Public variant information data for the WTC-11 cell line was downloaded from University of California, Santa Cruz (https://s3-us-west-2.amazonaws.com/downloads.allencell.org/genome-sequence/AH77TTBBXX_DS-229105_GCCAAT_recalibrated.vcf.gz). Variants were filtered using bcftools for heterozygous variants and quality (GT = ‘het’, filter = ‘PASS’, format/DP > 70, format DP < 150, QUAL > 1,000, INFO/MQ > 59.8) and subset to contain single-nucleotide polymorphisms, insertions/deletions or multinucleotide polymorphisms. Candidate cis-regulatory elements (cCREs) for five human iPS cell lines (H1, H7, H9, iPS DF 6.9 and iPS DF 19.11) were obtained from SCREEN (https://screen.encodeproject.org), and corresponding regulatory elements were subset from these34. Genomic regions were defined as OEGs or NOEGs if the gene overlapping that genomic region was expressed in bulk RNA-seq data (>10 CPM)5. These OEG or NOEG regions were then overlapped with the filtered WTC .vcf file to select for regions containing high-quality variant information. One hundred and twenty regions were randomly subsampled for each cCRE within the OEG and NOEG classes, and primers were designed as described above. Each cCRE with OEG and NOEG was equally represented in both the total and shared panels. Genes were subset into highly (>400 CPM), medium (<400, >40) and lowly (<40, >4) expressed gene groups. Primers were designed as described above. After determining high-quality cells in all panels, as described above, they were subset from the bam file, and reads per cell for gDNA and RNA were scaled according to panel size in a way so that the average number of reads per cell for shared gDNA and RNA targets was the same. Variants were called as described above.

Maturation state assignment in primary tumor samples and immunoglobulin light chain restriction analysis

B cell maturation states were mapped to each tumor sample from a published reactive lymph node single-cell RNA-sequencing dataset through shared gene expression features using previously described methods44,46. Gene expression was used to determine immunoglobulin light chain restriction. Log-normalized counts (without batch effect correction to prevent bias introduced by sample integration) were used to find transfer anchors and project samples on the reference PCA (50 dimensions) and UMAP (2 dimensions) reductions. The expression of genes encoding immunoglobulin-κ (IGKC) and immunoglobulin-λ (IGLC1IGLC7) light chain was used to determine cell malignancy through light chain restriction47.

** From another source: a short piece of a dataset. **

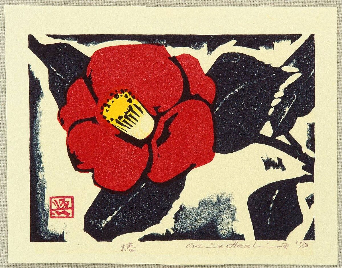 Снова слегка щемит в сердце при виде последнего цветка камелии. Ну что ж, увядай! О камелия, ты леденеешь На холодном ветру — И никто не взглянет печально. Сходны наши с тобою судьбы… Нагацука Такаси; Собрание танка Нагацука Такаси; цикл Песни осени. Перевод с японского языка выполнен А.А. Долиным. Гравюра: Окииэ; «Камелия»; 1972 г. #大和の歌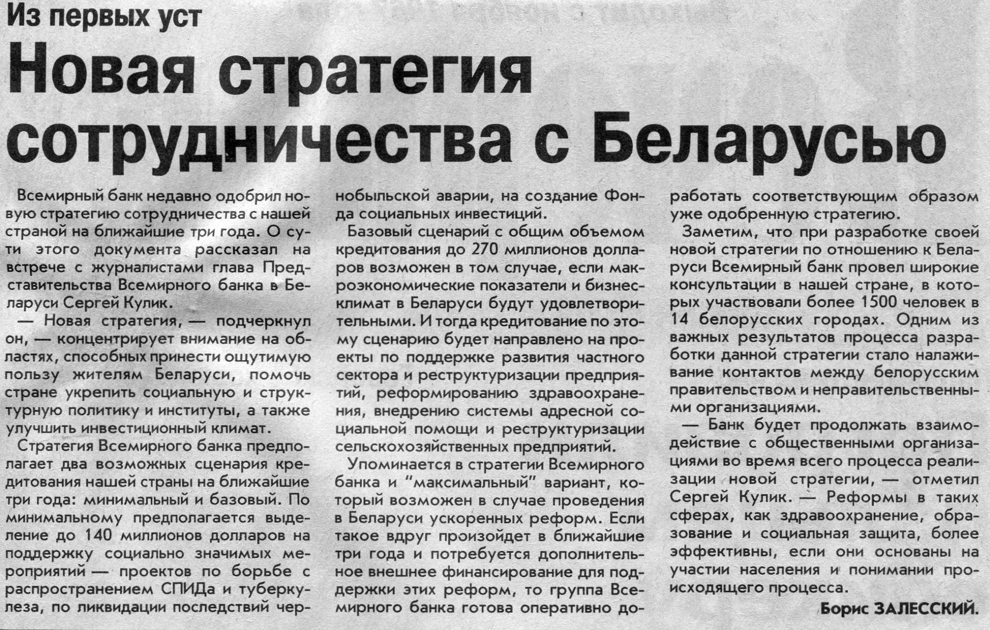 Залесский, Б. Новая стратегия сотрудничества с Беларусью / Б. Залесский // Вечерний Минск. - 2002. - 3 апр.

Data analysis for primary B cell lymphoma samples

Separate NGS sequencing libraries for gDNA and RNA were analyzed with SDRranger, and variants were called as described above. Low-frequency variants (<5% or less than 30 heterozygous/homozygous variants) were excluded from the analysis. GO term analysis was performed using the R package topGO (v2.54.0), the weigth01 algorithm and a Fisher’s exact test. Enrichment for biological processes was computed for the top 21 differentially expressed genes in the LZ versus DZ across all samples versus all genes measured.

Statistics and reproducibility

No data were excluded from analysis, and cutoffs for defining high-quality cells in SDR-seq were set as described above. Differential gene expression testing in the single-cell data was performed using MAST and by subsetting cells in the respective genotype within a given cell or perturbation state77. Differential abundance testing of variants between maturation states in primary B cell lymphoma samples was performed using χ2 testing, followed by adjusting P values with the Benjamini–Hochberg method. All box plots shown in this study show the center line as the median, box limits indicate 25th and 75th percentiles, and whiskers indicate 1.5× the interquartile range; all outliers are displayed.

Reporting summary

Further information on research design is available in the Nature Portfolio Reporting Summary linked to this article.